━━━━━ INPUT MATERIAL ━━━━━
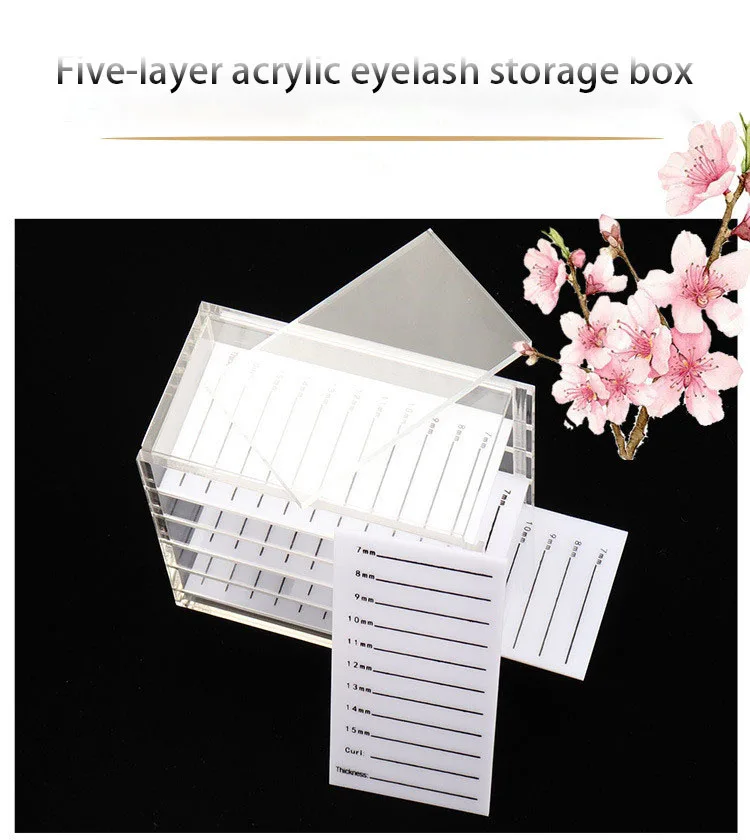 Акриловый поддон для наращивания ресниц, 5 слоев, прозрачная коробк...
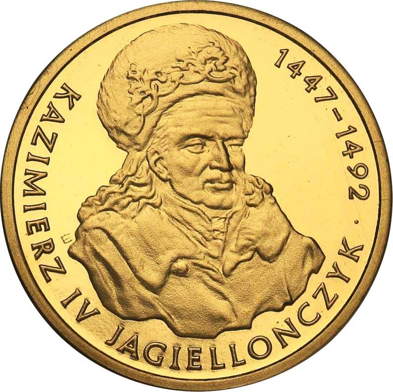 Find out the current coin value of the Polish 100 Zlotych 2003 "Casimir IV Jagiellon" with mark MW ET. This gold coin from the times of III Republic after denomination struck at the Warsaw Mint. Wondering how much a coin like this is worth? The record price belongs to the lot 1098 sold at the Rzeszowski Dom Aukcyjny auction for PLN 3,000. Bidding took place September 6, 2025.
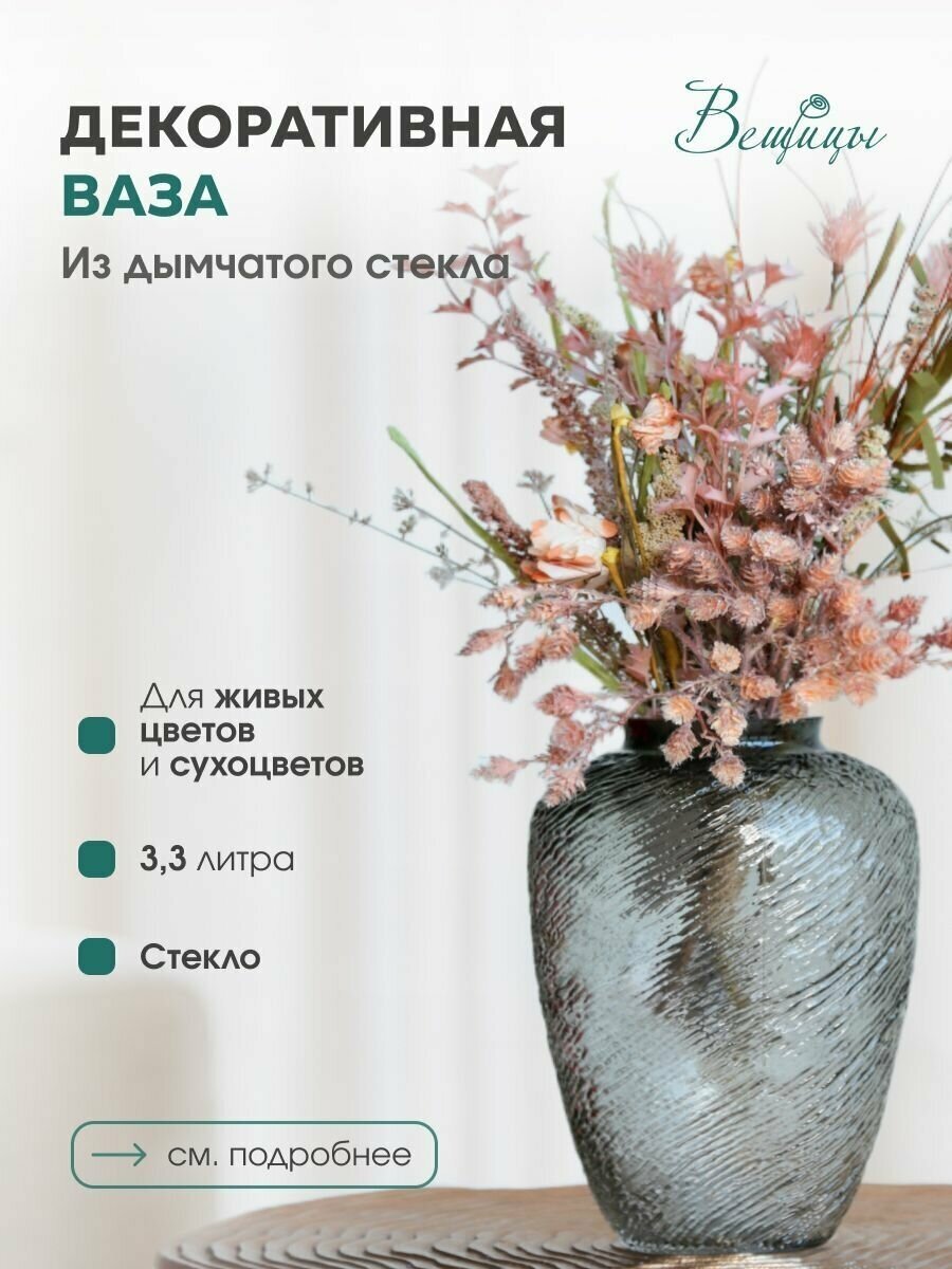 На сегодняшний день товар «Декоративная ваза из дымчатого стекла Д165 Ш165 В220 серый Hoff CSA-8S» можно купить с кешбеком в 1 магазине: Яндекс.Маркет
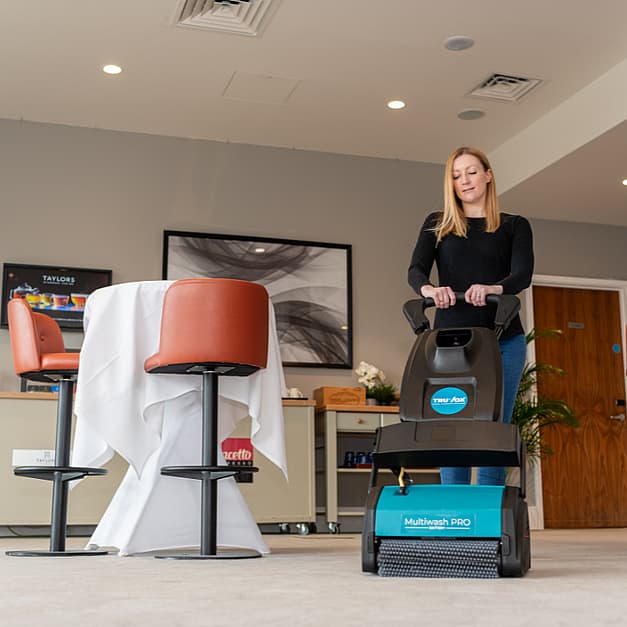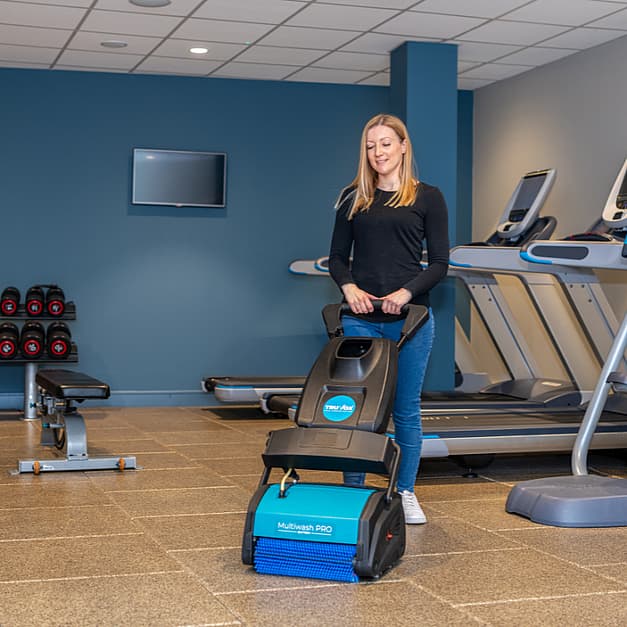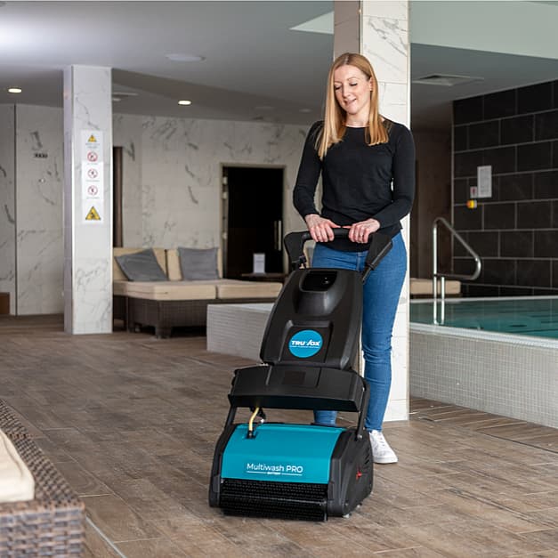 The Multiwash PRO Battery provides exceptional cleaning results with a 1-hour run-time ideal for areas without power and minimises the risk of trips from trailing power cords.
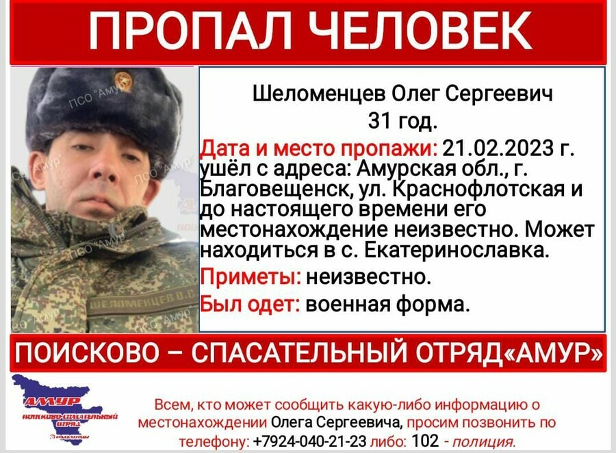 В Благовещенске 21 февраля февраля пропал Шеломенцев Олег Сергеевич. В момент пропажи он был одет в военную форму.
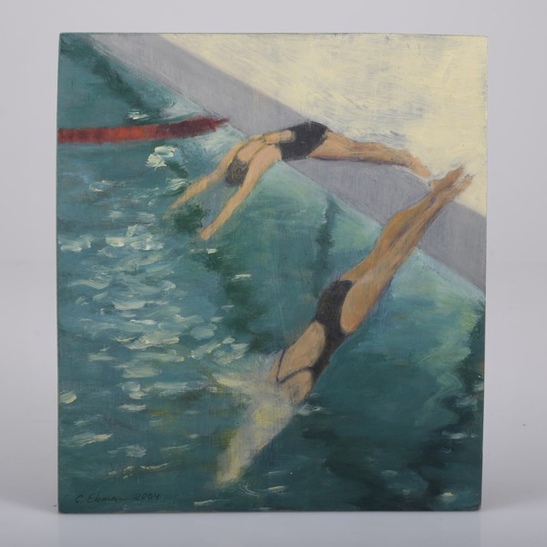 Simhoppare, signerad och datera C Ekman 2004, olja på pannå, bildmått 22 x 20 cm
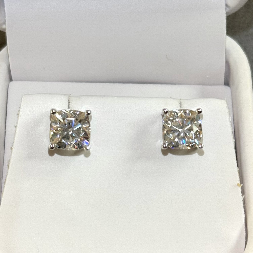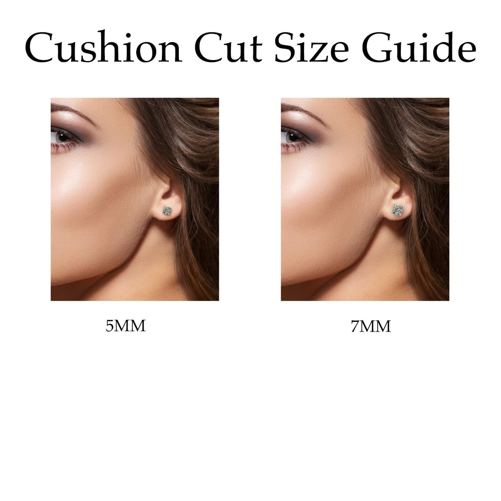 Premium top level moissanite with the best shine! Don't settle for cheap. Unique and luxurious cushion cut always stands out from the crowd. Moissanite offers timeless beauty and exceptional value. The stones we use are GRA certified VVS1 clarity Moissanite. The details matter so we do not buy simply the cheapest stones on the market. We only purchase the most beautiful ideal cut moissanite stones that offer the highest fire and brilliance. This is the best compromise between cheap fakes (CZ, crystal, rhinestone) and extremely expensive diamond solitaire stones. Natural diamond equivalent earrings cost $4000+. Get the same look at a much better price! -VVS1 Clarity D Color GRA certified Moissanite Stones -Ideal Round Cut With Excellent Rating -9.5 Hardness Rating. Diamonds are perfect 10, cheap fakes are 3-4. This means Moissanite won't dull over time. -925 Sterling Silver With Rhodium Plating (Same finish as white gold) or 14K yellow Gold -Passes many commonly used Diamond Testers
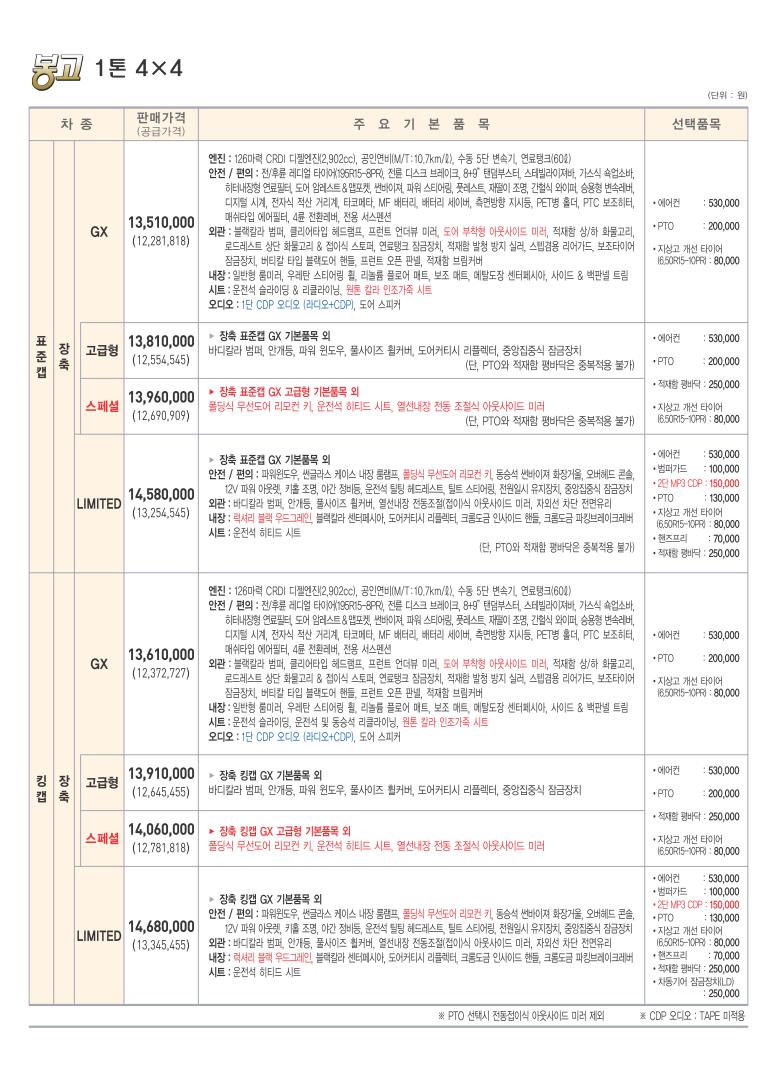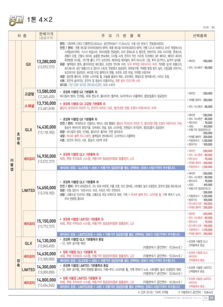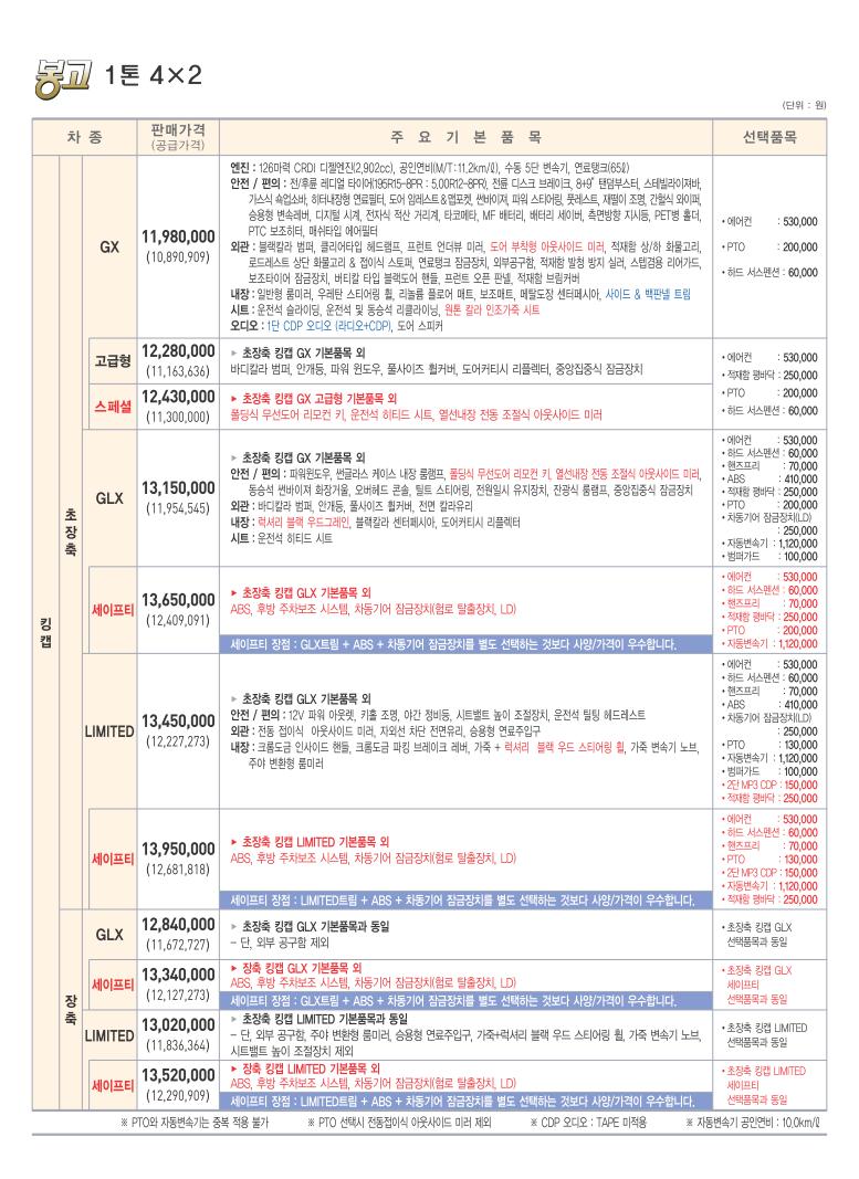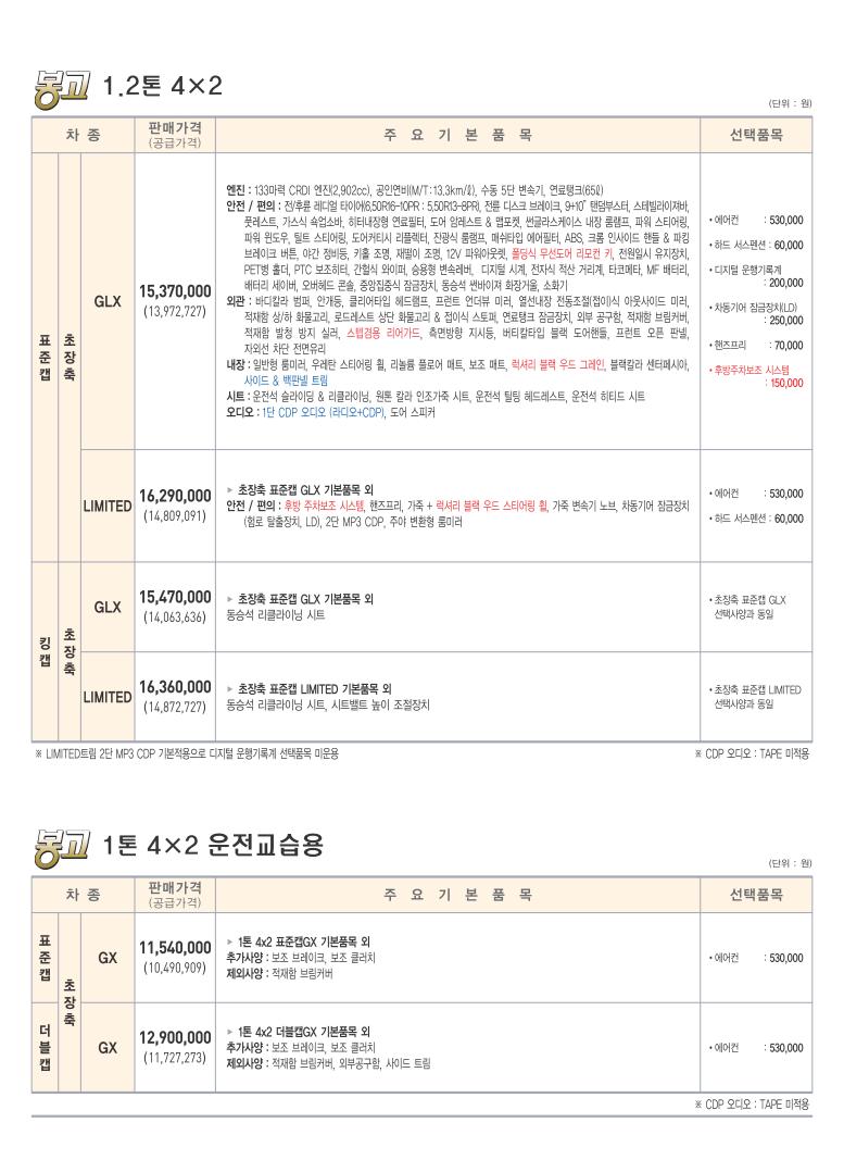 ※ 본 가격표의 모든 저작권은 해당 차량 제조사에 있습니다.
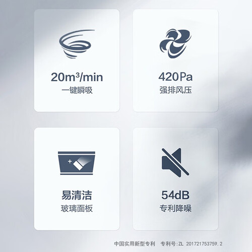 油烟机运行噪音低,安静烹饪不打扰。玻璃镜面面板,脏污一擦即净。
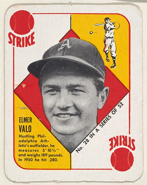 - Title: Card Number 28, Elmer Valo, Outfield, Philadelphia Athletics, from the Topps Red/ Blue Backs series (R414-5) issued by Topps Chewing Gum Company
━━━━━
■ **WORK REQUEST**
Reproduce the records above exactly, but only from the line with "В Благовещенске 21" up to and including the line with "Simhoppare, signerad och". Leave the pictures out.

■ **TASK OUTPUT**
 В Благовещенске 21 февраля февраля пропал Шеломенцев Олег Сергеевич. В момент пропажи он был одет в военную форму.
 Simhoppare, signerad och datera C Ekman 2004, olja på pannå, bildmått 22 x 20 cm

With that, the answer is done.